• **Exercise details**
Which lines of the material contain the word "your"? Show each one.

• **Raw data**

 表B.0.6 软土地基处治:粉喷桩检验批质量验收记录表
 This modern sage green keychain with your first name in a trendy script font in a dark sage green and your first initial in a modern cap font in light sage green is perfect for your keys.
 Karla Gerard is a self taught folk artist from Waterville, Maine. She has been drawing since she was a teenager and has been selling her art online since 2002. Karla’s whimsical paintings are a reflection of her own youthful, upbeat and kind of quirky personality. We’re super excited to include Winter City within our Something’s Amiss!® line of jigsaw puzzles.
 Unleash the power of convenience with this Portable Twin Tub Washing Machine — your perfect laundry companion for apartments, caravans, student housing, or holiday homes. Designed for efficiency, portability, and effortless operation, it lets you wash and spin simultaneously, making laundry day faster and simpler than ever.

--

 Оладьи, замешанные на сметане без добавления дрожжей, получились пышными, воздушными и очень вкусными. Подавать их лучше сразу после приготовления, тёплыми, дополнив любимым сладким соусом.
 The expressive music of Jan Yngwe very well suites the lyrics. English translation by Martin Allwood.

• **Expected output**
 This modern sage green keychain with your first name in a trendy script font in a dark sage green and your first initial in a modern cap font in light sage green is perfect for your keys.
 Unleash the power of convenience with this Portable Twin Tub Washing Machine — your perfect laundry companion for apartments, caravans, student housing, or holiday homes. Designed for efficiency, portability, and effortless operation, it lets you wash and spin simultaneously, making laundry day faster and simpler than ever.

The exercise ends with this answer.